Code and data for ACL2021 paper Cross-Lingual Abstractive Summarization with Limited Parallel Resources.

Related tags

Deep LearningMCLAS
Overview

Multi-Task Framework for Cross-Lingual Abstractive Summarization (MCLAS)

The code for ACL2021 paper Cross-Lingual Abstractive Summarization with Limited Parallel Resources.

Some codes are borrowed from PreSumm (https://github.com/nlpyang/PreSumm).

[toc]

Environments

Python version: This code is in Python3.7

Package Requirements: torch==1.1.0 transformers tensorboardX multiprocess pyrouge

Needs few changes to be compatible with torch 1.4.0~1.8.0, mainly tensor type (bool) bugs.

Data Preparation

To improve training efficiency, we preprocessed concatenated dataset (with target "monolingual summary + [LSEP] + cross-lingual summary") and normal dataset (with target "cross-lingual summary") in advance.

You can build your own dataset or download our preprocessed dataset.

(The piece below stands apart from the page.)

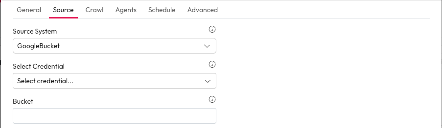 Connect your Google Bucket source to Workplace AI to make the most of the data on your machines. Once you have selected a Source System type more detail will expand to customise this.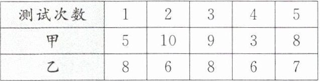 3. (衡阳市中考)某射击运动队进行了五次射击测试,甲、乙两名选手的测试成绩如下表。甲、乙两名选手成绩的方差分别记为 $ s^{2}_{甲} $ 和 $ s^{2}_{乙} $,则 $ s^{2}_{甲} $ 和 $ s^{2}_{乙} $ 的大小关系是(

Download Preprocessed dataset.

  1. En2De dataset: Google Drive Link.
  2. En2EnDe (concatenated) dataset: Google Drive Link.
  3. Zh2En dataset: Google Drive Link.
  4. Zh2ZhEn (concatenated) dataset: Google Drive Link.
  5. En2Zh dataset: Google Drive Link.
  6. En2EnZh (concatenated) dataset: Google Drive Link.

Build Your Own Dataset.

Remain to be origanized. Some of the code needs to be debug, plz use it carefully.

Build tokenized files.

Plz refer to function tokenize_xgiga() or tokenize_new() in ./src/data_builder.py to write your code to preprocess your own training, validation, and test dataset. And then run the following commands:

python preprocess.py -mode tokenize_xgiga -raw_path PATH_TO_YOUR_RAW_DATA -save_path PATH_TO_YOUR_SAVE_PATH
  • Stanford CoreNLP needs to be installed.

Plz substitute "tokenize_xgiga" to your own process function.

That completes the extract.